Question 192 of 365: Where is the crazy?

Lyrical Time Wastr - Somewhere Down the Crazy ...
Image by jah~ off n on via Flickr

Crazy people are everywhere. Not just the run of the mill crazy, either. I’m talking about completely out of their head insane, unable to reason their way through modern daily life, wringing their hqnds of all connection to reality, playing the fool way too well for it to be considered acting.

The reason I mention this is simply because I don’t think I have been doing a good enough job of rooting out the crazy in my life. Not for years, in fact.

When I was about 14 or so, I realized that being bored was a choice. I realized that I didn’t have to sit through whatever someone was talking about without letting my mind wander on to more interesting and productive things. Whenever I was alone and had little to do, I would just start writing. Whenever I was in the presenence of a boring subject, I would read or doodle. People who kept on complaining of boredom just weren’t interesting to me. Whqt I realize now is that they are, in fact, crazy. Or, they are about to become crazy.

It is my belief that crazy is a result of not thinking enough or not being able to find something engaging to occupy your time. Not having passion is just plain crazy. And it leads people to do the worst things imaginable.
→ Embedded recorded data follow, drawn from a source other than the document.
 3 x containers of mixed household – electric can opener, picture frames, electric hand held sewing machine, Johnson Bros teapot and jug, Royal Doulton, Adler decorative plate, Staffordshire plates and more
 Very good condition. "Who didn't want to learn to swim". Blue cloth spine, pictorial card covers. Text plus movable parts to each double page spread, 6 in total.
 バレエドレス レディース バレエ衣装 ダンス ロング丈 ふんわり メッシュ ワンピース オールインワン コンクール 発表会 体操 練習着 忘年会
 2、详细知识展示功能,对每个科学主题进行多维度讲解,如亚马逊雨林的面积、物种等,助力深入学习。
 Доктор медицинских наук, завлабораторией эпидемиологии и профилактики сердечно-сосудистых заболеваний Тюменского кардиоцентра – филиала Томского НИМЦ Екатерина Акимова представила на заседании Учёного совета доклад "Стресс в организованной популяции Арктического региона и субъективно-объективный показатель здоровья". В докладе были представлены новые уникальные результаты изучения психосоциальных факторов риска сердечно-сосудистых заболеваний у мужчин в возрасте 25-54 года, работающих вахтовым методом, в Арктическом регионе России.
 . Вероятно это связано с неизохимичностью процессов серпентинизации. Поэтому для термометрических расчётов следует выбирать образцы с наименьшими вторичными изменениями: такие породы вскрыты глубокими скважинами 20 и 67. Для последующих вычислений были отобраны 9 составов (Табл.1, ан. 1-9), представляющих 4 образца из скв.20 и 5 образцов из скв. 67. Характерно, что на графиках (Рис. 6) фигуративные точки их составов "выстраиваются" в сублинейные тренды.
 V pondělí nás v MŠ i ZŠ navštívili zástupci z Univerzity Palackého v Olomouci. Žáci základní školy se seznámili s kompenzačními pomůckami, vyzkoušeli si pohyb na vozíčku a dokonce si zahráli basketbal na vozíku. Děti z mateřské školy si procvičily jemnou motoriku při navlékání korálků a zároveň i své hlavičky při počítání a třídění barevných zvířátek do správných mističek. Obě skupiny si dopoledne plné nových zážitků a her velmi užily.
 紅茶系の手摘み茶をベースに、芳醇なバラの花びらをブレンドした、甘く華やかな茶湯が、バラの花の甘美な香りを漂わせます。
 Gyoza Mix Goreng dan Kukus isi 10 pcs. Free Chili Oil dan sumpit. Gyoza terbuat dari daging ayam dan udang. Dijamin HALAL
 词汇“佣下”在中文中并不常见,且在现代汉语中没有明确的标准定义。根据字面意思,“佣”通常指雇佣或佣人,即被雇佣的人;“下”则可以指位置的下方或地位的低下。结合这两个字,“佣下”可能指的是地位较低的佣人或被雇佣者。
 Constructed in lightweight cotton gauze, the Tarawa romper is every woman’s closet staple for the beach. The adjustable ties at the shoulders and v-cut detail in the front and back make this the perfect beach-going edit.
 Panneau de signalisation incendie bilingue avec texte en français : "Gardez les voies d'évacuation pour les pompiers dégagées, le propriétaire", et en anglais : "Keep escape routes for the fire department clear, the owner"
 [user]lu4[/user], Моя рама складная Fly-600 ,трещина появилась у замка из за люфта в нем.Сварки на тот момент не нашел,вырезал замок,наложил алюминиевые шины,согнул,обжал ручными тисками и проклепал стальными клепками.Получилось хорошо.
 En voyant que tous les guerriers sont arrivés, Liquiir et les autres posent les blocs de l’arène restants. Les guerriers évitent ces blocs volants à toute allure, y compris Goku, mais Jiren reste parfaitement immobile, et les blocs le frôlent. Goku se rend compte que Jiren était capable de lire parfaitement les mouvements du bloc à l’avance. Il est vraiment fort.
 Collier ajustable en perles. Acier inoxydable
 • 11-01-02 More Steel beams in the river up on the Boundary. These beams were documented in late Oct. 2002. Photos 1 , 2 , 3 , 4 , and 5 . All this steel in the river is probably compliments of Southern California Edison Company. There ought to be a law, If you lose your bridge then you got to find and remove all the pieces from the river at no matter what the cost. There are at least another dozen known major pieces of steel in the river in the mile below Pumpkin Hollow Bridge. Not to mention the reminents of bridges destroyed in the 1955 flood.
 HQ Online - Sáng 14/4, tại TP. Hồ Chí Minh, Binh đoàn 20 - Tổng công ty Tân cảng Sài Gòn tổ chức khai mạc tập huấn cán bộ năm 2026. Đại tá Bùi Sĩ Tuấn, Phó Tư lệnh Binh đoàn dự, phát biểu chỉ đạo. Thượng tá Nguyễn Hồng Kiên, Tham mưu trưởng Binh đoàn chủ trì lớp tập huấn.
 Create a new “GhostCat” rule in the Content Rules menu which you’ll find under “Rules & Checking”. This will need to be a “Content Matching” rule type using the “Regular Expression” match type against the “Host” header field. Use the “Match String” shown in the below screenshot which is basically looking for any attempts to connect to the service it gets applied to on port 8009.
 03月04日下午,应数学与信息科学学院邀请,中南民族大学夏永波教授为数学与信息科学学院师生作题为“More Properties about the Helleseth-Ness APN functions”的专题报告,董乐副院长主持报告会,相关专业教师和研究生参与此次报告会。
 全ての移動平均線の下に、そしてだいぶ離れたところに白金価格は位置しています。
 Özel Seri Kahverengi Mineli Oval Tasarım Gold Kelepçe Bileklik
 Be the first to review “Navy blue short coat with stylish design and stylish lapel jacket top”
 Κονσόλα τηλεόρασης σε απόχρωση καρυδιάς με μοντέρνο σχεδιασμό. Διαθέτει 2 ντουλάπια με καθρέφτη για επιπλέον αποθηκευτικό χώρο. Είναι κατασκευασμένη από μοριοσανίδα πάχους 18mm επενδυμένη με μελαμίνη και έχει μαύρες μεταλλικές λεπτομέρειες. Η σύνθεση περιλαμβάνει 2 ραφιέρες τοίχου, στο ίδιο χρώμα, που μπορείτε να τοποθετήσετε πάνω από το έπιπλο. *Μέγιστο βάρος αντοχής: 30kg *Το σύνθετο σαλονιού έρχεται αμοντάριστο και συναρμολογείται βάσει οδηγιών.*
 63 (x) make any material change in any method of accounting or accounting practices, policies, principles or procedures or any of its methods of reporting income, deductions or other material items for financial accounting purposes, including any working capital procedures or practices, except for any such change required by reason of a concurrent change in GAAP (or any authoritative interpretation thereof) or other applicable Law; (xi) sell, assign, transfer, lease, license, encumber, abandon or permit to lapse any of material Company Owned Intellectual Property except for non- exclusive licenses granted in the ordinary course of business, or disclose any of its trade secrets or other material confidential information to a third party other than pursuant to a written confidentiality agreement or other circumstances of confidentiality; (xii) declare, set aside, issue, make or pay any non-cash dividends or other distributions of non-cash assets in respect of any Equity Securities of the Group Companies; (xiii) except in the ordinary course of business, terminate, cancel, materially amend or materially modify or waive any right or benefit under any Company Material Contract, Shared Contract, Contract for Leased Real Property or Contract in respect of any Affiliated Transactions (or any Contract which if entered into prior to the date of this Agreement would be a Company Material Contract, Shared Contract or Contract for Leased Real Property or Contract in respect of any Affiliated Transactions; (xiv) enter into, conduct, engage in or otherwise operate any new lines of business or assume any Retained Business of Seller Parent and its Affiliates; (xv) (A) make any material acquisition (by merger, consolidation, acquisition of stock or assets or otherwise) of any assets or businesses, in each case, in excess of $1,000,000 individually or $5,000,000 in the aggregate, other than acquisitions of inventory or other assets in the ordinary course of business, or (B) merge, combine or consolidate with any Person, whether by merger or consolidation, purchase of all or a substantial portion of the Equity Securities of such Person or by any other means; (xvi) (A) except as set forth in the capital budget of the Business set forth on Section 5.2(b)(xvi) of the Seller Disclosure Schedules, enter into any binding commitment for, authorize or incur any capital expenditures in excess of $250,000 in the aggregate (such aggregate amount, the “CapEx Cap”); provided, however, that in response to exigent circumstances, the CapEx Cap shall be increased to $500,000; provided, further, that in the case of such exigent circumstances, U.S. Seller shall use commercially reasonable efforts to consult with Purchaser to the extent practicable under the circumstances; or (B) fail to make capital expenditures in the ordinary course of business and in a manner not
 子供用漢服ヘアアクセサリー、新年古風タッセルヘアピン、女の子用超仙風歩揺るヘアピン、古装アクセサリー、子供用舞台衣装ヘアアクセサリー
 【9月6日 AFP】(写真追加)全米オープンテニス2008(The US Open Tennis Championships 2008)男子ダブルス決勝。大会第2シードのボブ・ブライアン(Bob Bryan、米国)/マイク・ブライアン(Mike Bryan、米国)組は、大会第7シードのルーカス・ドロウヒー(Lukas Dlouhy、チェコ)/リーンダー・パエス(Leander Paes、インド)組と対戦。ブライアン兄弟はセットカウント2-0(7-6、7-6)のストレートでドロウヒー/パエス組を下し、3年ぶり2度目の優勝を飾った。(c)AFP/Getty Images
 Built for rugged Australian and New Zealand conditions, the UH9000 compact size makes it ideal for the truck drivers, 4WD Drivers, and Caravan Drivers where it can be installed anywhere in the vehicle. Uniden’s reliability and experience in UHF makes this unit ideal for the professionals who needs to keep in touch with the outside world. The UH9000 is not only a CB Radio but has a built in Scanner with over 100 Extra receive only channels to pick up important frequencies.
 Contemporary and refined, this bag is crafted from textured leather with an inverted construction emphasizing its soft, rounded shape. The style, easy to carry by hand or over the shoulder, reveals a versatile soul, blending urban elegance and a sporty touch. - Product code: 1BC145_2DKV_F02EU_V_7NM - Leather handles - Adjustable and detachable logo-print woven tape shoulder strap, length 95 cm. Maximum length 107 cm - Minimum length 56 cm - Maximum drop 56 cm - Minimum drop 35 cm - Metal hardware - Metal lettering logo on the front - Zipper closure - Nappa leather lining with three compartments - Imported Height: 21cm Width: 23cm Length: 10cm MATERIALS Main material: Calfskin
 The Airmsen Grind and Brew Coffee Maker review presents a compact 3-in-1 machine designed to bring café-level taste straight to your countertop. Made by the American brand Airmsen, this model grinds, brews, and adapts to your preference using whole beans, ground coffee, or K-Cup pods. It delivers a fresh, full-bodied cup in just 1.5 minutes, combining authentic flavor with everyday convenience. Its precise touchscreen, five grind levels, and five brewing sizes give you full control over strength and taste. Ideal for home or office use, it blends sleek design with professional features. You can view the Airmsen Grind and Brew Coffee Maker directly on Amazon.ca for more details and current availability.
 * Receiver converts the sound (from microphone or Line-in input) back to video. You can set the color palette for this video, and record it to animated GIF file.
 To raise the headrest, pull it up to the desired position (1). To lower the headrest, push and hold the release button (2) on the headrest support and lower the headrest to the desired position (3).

Like blaming folks for how they try to experience the world around them. Like shaming others for grieving or for feeling or for thinking about much of anything at all. Passionless people are incapable of perspective, and that is what makes them crazy. It is also how you can pick them out of a lineup.

Sitting in a meeting or even in talking to a relative, if you get the sense that someone else can’t consider another point of view, you may want to check their crazy level.

We used to play this game called colored eggs on thenplayground in elementary school. It was a type of tag, where everyone would line up and think of a color out of a typical crayon box (64 crayons being the max that we thought was okay to try for) and then one person would stand opposite of the line and start to guess all of the colors. If the person guessed one of the person’s colors that was standing on the line, the person whose color was guessed would have to run to the other side of the playground without getting tagged. If the person was caught, they would become one of the taggers until there wasn’t anyone left on the line.

There was one boy who never chose any different colors. He always picked the same one: goldenrod. He thought that he was so brilliant in his choice that he would brag to everyone else at lunch about it. He would say, “you are never going to guess what I’m going to be today.” and then when we got out on the playground, the guesser would inevitably go through the more common colors first to try and get as many people off the line as possible. And there this boy would stand, completely confident that he was going to outlast everyone.

He never did, by the way. To my knowledge he never technically won the game. More of the time, he would claim victory because we had to go in from recess and he would still be on the line. We never guessed goldenrod because we didn’t much care about capturing him. We didn’t understand why he didn’t pick a different color so that he could play the tag part of the game. That was the fun part. Thqt was the part that got your heart pumping, that actually helped you to make friends.

When I look back on it now, I can tell that the boy was crazy for choosing goldenrod every day. He was crazy because he had to have his way rather than to join in. He had to have the obscure color rather than learn what the game was about.

The crazy is in each of us, when we find we are in a rut. It is in us when we are stubborn. It is in us when we stop looking around and seeing the differences between us that make us interesting enough to want to sit down and talk to. It is us when we allow ourselves to be bored.

I need to do a better job of rooting out my crazy, whether that is within myself or in the people around me. Otherwise, I might as well be choosing the same color for every day of my life.